# Thread: Help! Proof with Sets

1. ## Help! Proof with Sets

Let A, B, C be sets. Prove either using a membership table or other method that:
(A\B) x C = (AxC) \ (BxC)

2. ## Honestly

when it comes to sets first what I would do is draw three intersecting cirlces that represent the sets then test your hypothesis...that is the best way to visualize...from there it may become readily apparent how to do the problem

3. $\displaystyle (x,y) \in \left( {A\backslash B} \right) \times C\quad \Rightarrow \quad x \in A \wedge x \notin B \wedge y \in C$
$\displaystyle x \in A \wedge x \notin B \wedge y \in C \Rightarrow \quad \left( {x,y} \right) \in A \times C \wedge \left( {x,y} \right) \notin B \times C$
$\displaystyle \left( {x,y} \right) \in A \times C \wedge \left( {x,y} \right) \notin B \times C \Rightarrow \quad \left( {x,y} \right) \in \left[ {\left( {A \times C} \right)\backslash \left( {B \times C} \right)} \right]$

Can you turn that around to get both ways?

4. Do I literally just reverse what you showed me?
And then say that this proves them equal because (x,y) is on both (A\B)xC and (AxC)\(BxC) ?

5. Originally Posted by vballnyy2
Do I literally just reverse what you showed me?
And then say that this proves them equal because (x,y) is on both (A\B)xC and (AxC)\(BxC) ?
Not necessarily. See if you can do it or if you need a different proof to go backwards, make sure that it works from your beginning assumption of (AxC)\(BxC).

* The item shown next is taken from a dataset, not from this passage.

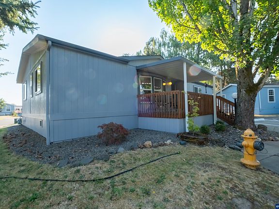 This one is a charmer. Located in Columbus Greens, providing easy access to Albany shopping and schools. Formerly the park office managers office, this corner lot home features 3 parking spots, 2 at the carport and 1 additional. Recently updated BOTH bathrooms, as well as exterior paint in 2024 and vinyl windows in 2023. Quality laminated flooring also. Enjoy the covered deck for coffee in the morning, and access to a shed in the carport for storage. Seller to credit Buyer 5 months of park rent at closing.
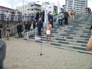 熱海市成人式記念第66回寒中水泳大会を開催しました。 遠くは富山県から、8歳から69歳までの55人が参加しました。 選手宣誓は小嵐中学校1年の村松奈央さんが行いました。 期日 平成24年1月8日 会場 熱海サンビーチ 天気 晴れ 気温 11℃ 水温 15℃ 最高齢者 法月鶴夫さん 69歳 最年少者 杉本萌香さん、清水堅介さん、山田夏妃さん 8歳 最遠隔地 加藤幸治さん 富山県 選手宣誓 村松奈央さん(小嵐中学校1年)

And to prove that two sets are equal, you prove that they are subsets of each other - not "because (x,y) is on both (A\B)xC and (AxC)\(BxC)" but maybe that's what you mean.

6. Originally Posted by vballnyy2
Do I literally just reverse what you showed me?
Not quite! It is a bit more tricky.
$\displaystyle \left( {x,y} \right) \notin B \times C \Rightarrow \quad x \notin B \vee y \notin C$
It really is a different proof.

7. Originally Posted by Plato
Not quite! It is a bit more tricky.
$\displaystyle \left( {x,y} \right) \notin B \times C \Rightarrow \quad x \notin B \vee y \notin C$
It really is a different proof.

OK I'm giving it a try... not sure if this makes sense:

So for the second part...

If (x,y) is in [(AxC)\(BxC)] then (x,y) is not in (BxC).
This means that x is not in B or y is not in C.
Since (x,y) is in (AxC) then y is in C, so x is not in B.
Therefore, x is in A, x is not in B, and y is in C,
so (x,y) is in (A\B) x C.
Therefore [(AxC)\(BxC)] is a subset of (A\B)xC (and from before vice versa), so the two sides are equal.

Does this make sense at all??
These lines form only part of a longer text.